NEW YORK, NY.- Bill Viola Studio and the USC Game Innovation Lab have launched The Night Journey on the PlayStation®4 computer entertainment system. This award-winning art game is available today via the PlayStation®Store for $19.99.
Winner of the Most Sublime Experience at the 2007 IndieCade Festival, The Night Journey is one of the earliest experimental art games made. It uses both game and video technologies to tell the universal story of an individuals journey towards enlightenment.
For the past decade, The Night Journey has been exhibited around the world as a work in progress, in venues including: The Museum of the Moving Image, Queens, New York; Nam June Paik Art Center, Seoul, Korea; ZKM | Center for Art and Media, Karlsruhe, Germany; and Museum of Design, Atlanta, Georgia. This launch marks its first time home players have been able to experience the game.
Visual inspiration for the game is derived from the works of Bill Viola, which provide reference for the vast, open world of the game, while source material for in-game reflections is drawn from the extensive archive of Violas video footage. Artist Viola worked in collaboration with a team at the USC Game Innovation Lab including award-winning game designers Tracy Fullerton and Todd Furmanski.
The Night Journey will also be made available soon on Windows PC and Mac. The title is rated T (Teen) by the ESRB. The Night Journey was developed with funding provided by the National Endowment for the Arts, Intel, Zero1 Art & Technology Network, and the Annenberg Center at the University of Southern California.

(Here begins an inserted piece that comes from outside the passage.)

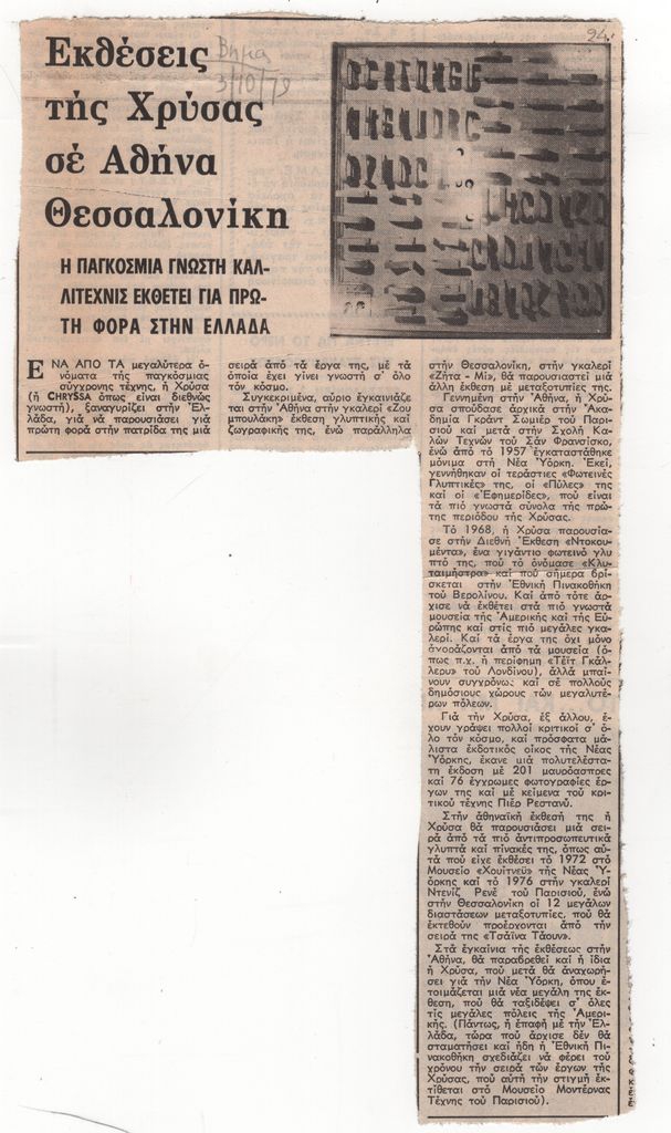 Απόκομμα, έντυπο, χαρτί, 27,7×15,2 εκ., όπου δημοσιεύεται, άρθρο για τις επικείμενες εκθέσεις της γλύπτριας και ζωγράφου Χρύσας στην Αθήνα και τη Θεσσαλονίκη το 1979. Επάνω, επιγραφή.
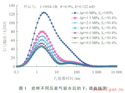 經(jīng)過成藏作用后,巖石孔隙中各類孔、喉中均有水的賦存,其賦存狀態(tài)受控于孔喉大小、形狀以及巖石表面物理性質(zhì)等[12],對于氣藏儲層來說,一般在細小孔喉處賦存的水較多。通過巖樣飽和水后進行氣驅(qū)水和核磁共振實驗,分析了登婁庫組巖石中水的賦存特征。巖樣含水飽和度為100%時測試的核磁共振T2譜曲線反映的是孔隙內(nèi)全部水體積,曲線下包面積代表了巖樣的全部孔隙體積。在不同壓差氣驅(qū)水后(氣驅(qū)水過程的驅(qū)替壓差由小到大逐步增加),巖樣達到不同含水飽和度,隨著氣驅(qū)壓差的增大,巖樣含水飽和度降低,T2譜曲線下降(1),相鄰T2譜曲線之間的面積代表了兩條曲線對應(yīng)驅(qū)替壓力變化所引起的可動流體變化量,因此由相鄰T2譜曲線之間的面積分布及大小可看出可動水來自哪些孔隙及總量多少[13]

Bill Viola (b. 1951, United States) is internationally recognized as one of the leading artists of our time, an acknowledged pioneer in the medium of video art. For over 40 years he has been making work that explores a series of humanistic and spiritual issues. His works include room-size video installations, sound environments, electronic music performances and flat panel video pieces, as well as works for television broadcast, concerts, opera, and sacred spaces. In 2017 alone he was the subject of several major museum retrospectives including Palazzo Strozzi, Florence; Deichtorhallen, Hamburg; Guggenheim Museum, Bilbao and Redtory Museum of Contemporary Art, Guangzhou.